Le plus original est le fait que Luca, lui-même, raconte son histoire alors qu’il est déjà mort à la première page. Son discours de « mort » est vraiment bien tourné et insolite. On le suit de sa récupération dans le fleuve, à la morgue, jusqu’à l’enterrement et enfin six pieds sous terre. Leo et Anna tentent de faire leur deuil, chacun de leur manière, avec leurs forces, leurs faiblesses et leurs incompréhensions. Chaque protagoniste s’interroge sur l’autre et par là sur eux-mêmes. C’est un livre intimiste et posé, un livre tout en touches impressionnistes et en délicatesse. Anna est celle qui souffre comme une femme, avec passion et opiniâtreté. Elle finit par apprendre l’existence de l’autre, et éclairer les zones d’ombre de son ami disparu. Leo souffre aussi mais il se refuse à exposer ses sentiments, pour la simple et bonne raison qu’il est l’amant honteux, l’homme de l’ombre. Il n’existe pas, se rend à l’enterrement incognito et n’a personne à qui confier son ire et son profond chagrin. Luca est mort et il angoisse à l’idée que sa vie soit entièrement dévoilée, l’ambiguïté étant qu’il aime les deux, tout en ne s’engageant avec aucun. Aussi tout au long du livre, chaque narrateur évolue et livre ses pensées, ses réactions aux questions et réponses des uns et des autres. J’ai beaucoup aimé cette forme de roman qui permet de se glisser dans la peau de chacun, et donc de donner l’opinion de chacun sans jamais les juger (ou alors uniquement par le truchement du narrateur suivant). L’histoire est assez prenante et captivante dans ce qu’elle développe en matière de sentiments et de confusion des sentiments. Elle nous plonge dans cette étrange intrigue aux effluves policières mais résolument placée sous le signe de l’amour.

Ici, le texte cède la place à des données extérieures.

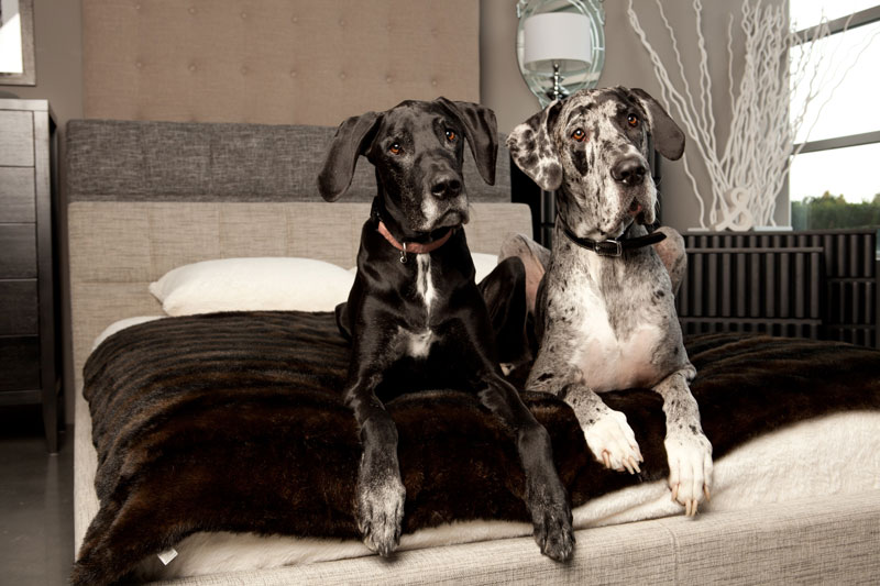 We are a furniture wholesaler from Vancouver, BC. Here are our “mascots” Zadie & Freckles on our Portia Bed.

Malgré tout, je ne suis pas complètement emballé par le bouquin pour le simple fait que je suis resté sur ma faim. En effet, le roman est court, beaucoup trop court à mon goût. Je pense que la mise en scène est à peine ébauchée et c’est déjà la fin, une fin assez réussie tout de même, mais qui ne fait qu’effleurer la surface des gens, alors que j’aurais voulu tellement plus explorer les personnages et leur émotions. Je me dis donc en définitive « so what ? » alors que je l’ai lu d’une traite et avec beaucoup de délectation, alors que le style est d’une grande qualité, que les personnages sont attachants et bien campés et que cette approche de la bisexualité demanderait encore bien des développements. On peut aussi tourner cela en qualité, se dire que Philippe Besson est un écrivain de la pudeur, qu’il laisse au lecteur la possibilité de laisser courir son imagination et de plonger dans une atmosphère le temps d’un souffle, puis de s’en extraire aussitôt. Mais non… j’aurais voulu plus, attendu mieux. J’ai été tellement submergé par « En l’absence des hommes » que j’ai été un petit peu dépité par celui-ci, même s’il en a la carrure et la qualité littéraire. « Un garçon d’Italie » reste un bon roman mais dont l’aura ne s’étend pas à la mesure de l’histoire vécue par ses protagonistes.